Lorsque les télomères d’une cellule sont trop courts, ils imposent d’arrêter les divisions ou réplications. La cellule devient alors vieille et sénescente (sénescence = Vieillissement naturel des tissus et de l’organisme.). Elle prend sa retraite et n’assure alors plus ses fonctions.
La sénescence des cellules contrôle véritablement notre vieillissement et notre santé ! Pour preuve, ils ont réussi à modifier des souris pour qu’elles aient de nombreuses cellules sénescentes. Quand ils ont pu, par je ne sais quel moyen, retirer ces cellules retraitées, les souris ont alors montré des progrès remarquables : nettoyage de la cataracte, restoration de la mobilité, et bien entendu durée de vie prolongée !
Par exemple, les cheveux blancs arrivent lorsque les cellules responsables de la pigmentation ne se reproduisent plus assez… à cause de télomères trop courts !
Ainsi, les gens qui font plus vieux que leur age ont des télomères plus courts que la moyenne.
Les télomères diminuent avec l’age. Mais leur taille peut-elle aussi déterminer si nous allons bientôt devenir malade ?
D’après la science, oui.
Des télomères courts engendrent un système immunitaire plus faible. On attrape alors les rhumes plus rapidement, et avec des symptômes plus sévères. Et cette fragilité vaut pour toutes les maladies !
Les cellules qui ont de l’ADN avec des télomères courts sont comme des pommes pourries au milieu de pommes saines : elles contaminent leur entourage ! Une cellule sénescente va appeler de l’aide comme le ferait une cellule endommagée. Sauf que la cellule sénescente est tellement paniquée par ses problèmes d’ADN qu’elle en refuse l’aide apportée. Un tel comportement bouleverse l’équilibre et peut avoir, à terme, de graves conséquences. Et le terrain devient peu à peu propice au développement des cancers.
Les cellules du sang avec de courts télomères provoquent une inflammation chronique et donnent potentiellement naissances à des problèmes cardio-vasculaires.
Les personnes avec de l’asthme, des maladies pulmonaires obstructives chroniques ou des fibroses pulmonaires ont des télomères plus courts dans leurs cellules immunitaires et dans les cellules de leur poumons, comparativement à des personnes en bonne santé.
Les télomères courts permettent, malheureusement, de prédire le déclin cognitif, et notamment augmentent les risques de maladie d’Alzheimer.
Stress et espérance de vie
En étudiant un groupe de mères s’occupant d’enfants atteints de maladies chroniques, on s’aperçoit que celles qui sont les plus stressées (stress perçu et stress mesuré scientifiquement) ont les télomères les plus courts.
Notre vulnérabilité face au stress nous fait donc vieillir prématurément.
En particulier :
- les stress chroniques
- s’occuper d’un enfant malade
- burnout au travail
- tensions familiales
- les traumatismes sérieux récents ou qui datent de l’enfance
- viols
- abus
- violence domestique
- bizutage
Certains d’entre nous réagissent à une situation difficile en se sentant fortement menacés.
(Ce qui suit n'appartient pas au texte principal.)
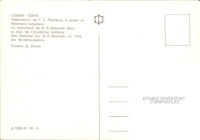 Sofia Sophia Denkmal GS Rakovski Statue Hof der Militaerakademie postalisch nicht gelaufen Erhaltung siehe scans
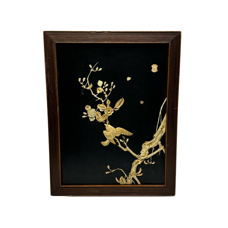 Een antiek laat 19e eeuws Japans lakwerken paneeltje, ingelegd met parelmoer en been. Voorstelling van een vogel op een tak. Linksonder gesigneerd.
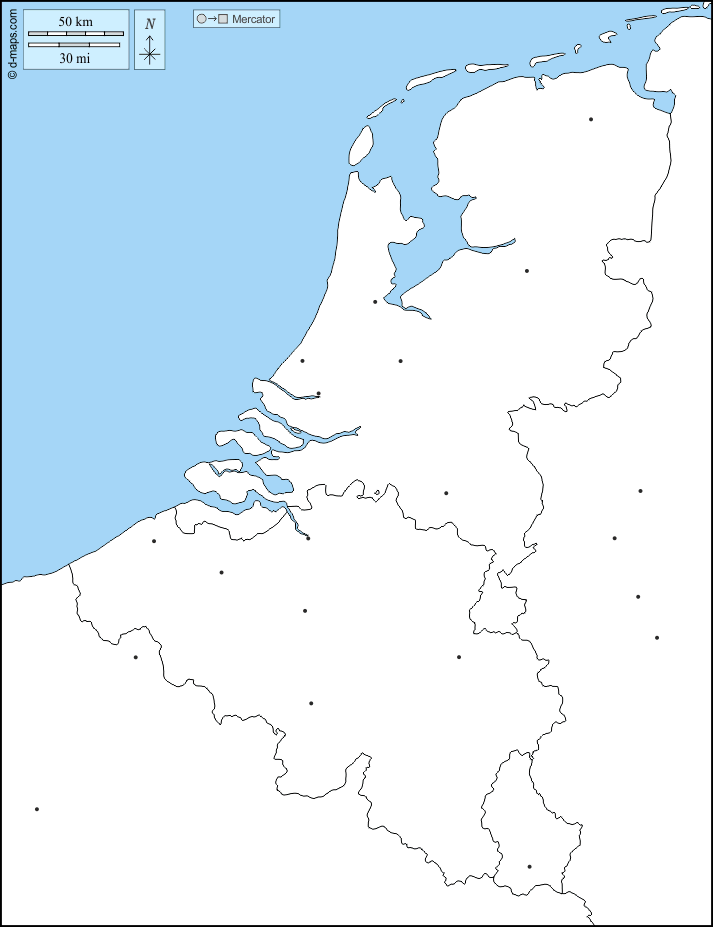 d-maps > यूरोप > बेनेलक्स > राज्यों, मुख्य शहरों
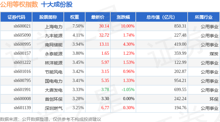 公用等权(000079)指数十大成份股详情如下:
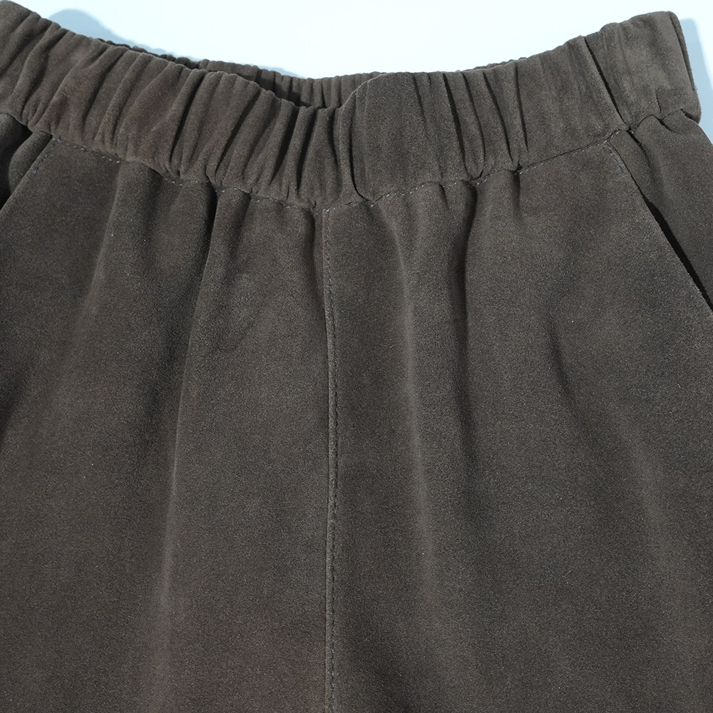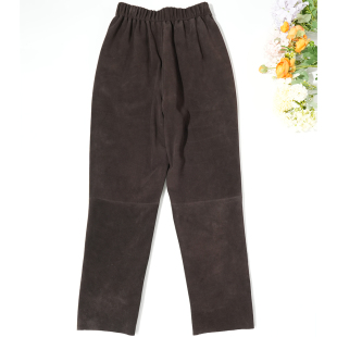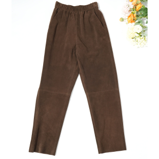 长裤 2026春季 通勤休闲修身 女士高级羊皮裤 松紧腰绒面真皮直筒裤
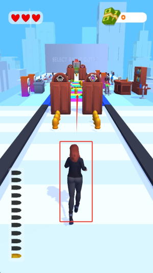 2、跑酷收集伪装:在赛道上敏捷移动,躲避陷阱与障碍物,同时收集散落的装扮道具,根据环境及时改变造型。
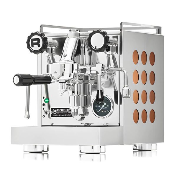 Máy pha cà phê Rocket Appartamento là dòng máy pha Espresso thủ công phân khúc cao cấp đến từ thương hiệu Rocket Espresso nổi tiếng của Ý. Với thiết kế mang tính biểu tượng, sử dụng các tấm ốp hông đục lỗ đặc trưng (có thể tùy chọn màu sắc), Appartamento không chỉ là một thiết bị pha chế mà còn là một món đồ nghệ thuật tinh xảo. Máy được thiết kế dành cho những không gian hạn chế nhưng vẫn yêu cầu chất lượng chiết xuất chuyên nghiệp nhất.
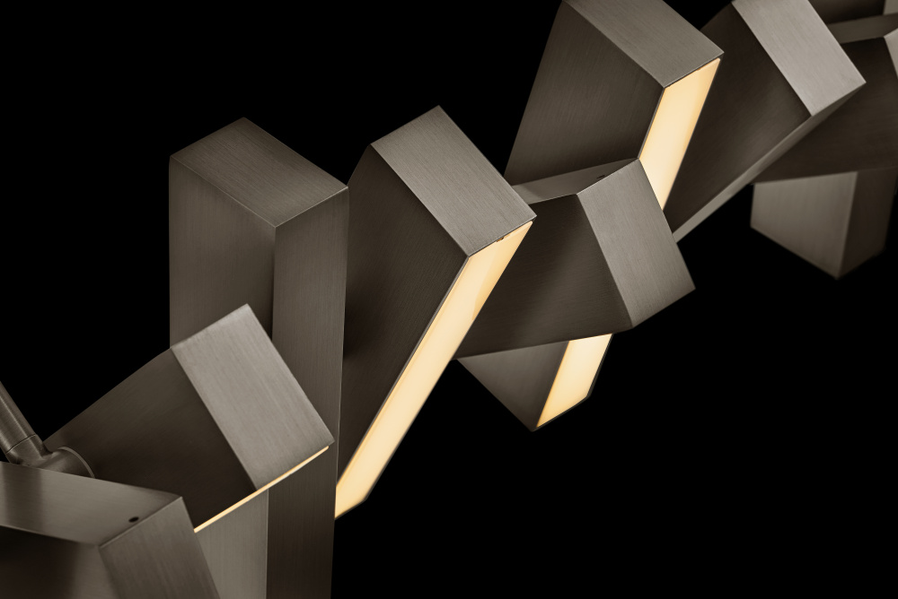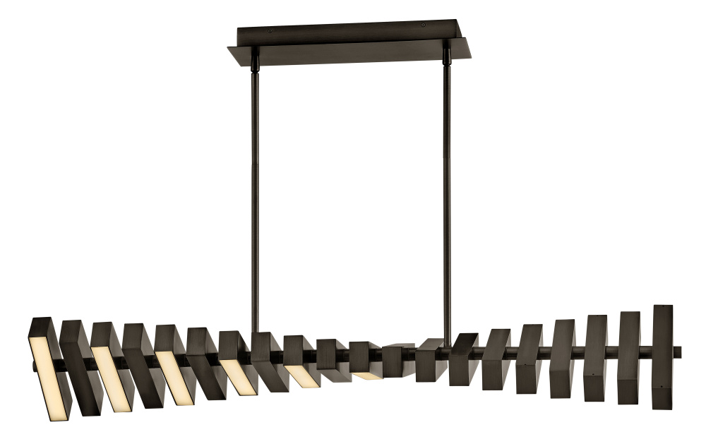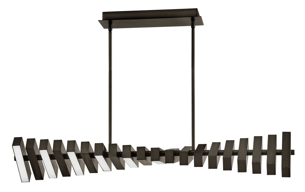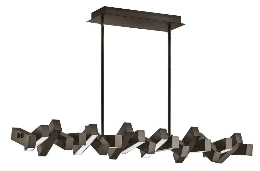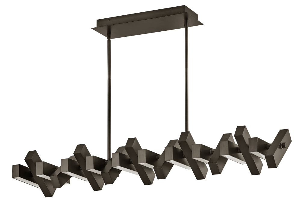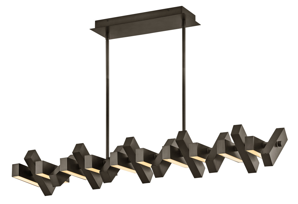 Stitch strikes a pose with an innovative design, offering bountiful illumination from articulating LED panels. This dynamic linear chandelier is a modern sculptural statement available in Black Oxide or Lacquered Brass finishes.
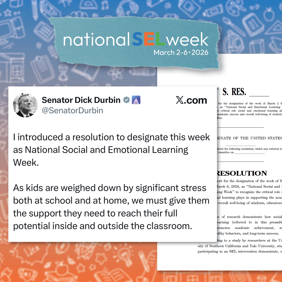 Back to topNine U.S. Senators co-sponsored a resolution introduced by Senator Dick Durbin (IL) expressing support for the designation of National Social and Emotional Learning Week. We’d like to thank Senator Durbin for his continued support of social and emotional learning. See his remarks on National SEL Week and press release for more information.
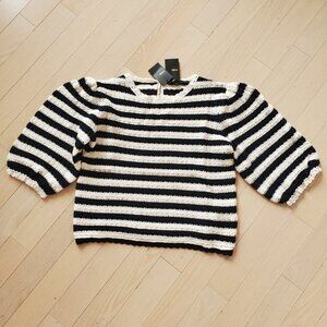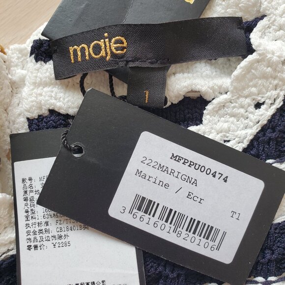 MAJE ! Marigna Marine/Ecru Striped Crochet-Knit Top. (Small)

C’est la conséquence de télomères courts.
In vivo, l’exposition de cellules immunitaires au cortisol (hormone du stress) a atténué leur niveau de télomérase.
Mais ! Être soumis à un stress permanent ne signifie pas obligatoirement avoir des télomères courts ! Les études menées sur les mères d’enfants atteints de pathologies chroniques ont montré que certaines supportaient d’énormes fardeaux sans pour autant que leurs télomères soient raccourcis ! Cela provient de leur excellente résistance au stress.
C’est donc une bonne nouvelle : des adaptations de style de vie permettent d’allonger les télomères. Tout n’est donc pas perdu ! Loin de là.
Ce livre donne alors de nombreux conseilles pour la gestion du stress que je ne vais pas aborder ici car je pense qu’ils méritent des articles à part entière :
- distanciation (spatiale, temporelle…)
- percevoir un challenge au lieu d’une menace
- etc.
Ils sont nombreux et pertinents. Si vous pensez être stressés et que vous pouvez lire l’anglais, je vous conseille ce livre.
Donc : vos télomères vont absorber toutes les instructions que vous leur donnez. La façon dont vous menez votre vie peut ordonner à vos télomères de vieillir plus vite, en accélérant la mort cellulaire et en ralentissant la multiplication des cellules. Mais cela peut aussi être tout le contraire. Tout dépend de votre attitude.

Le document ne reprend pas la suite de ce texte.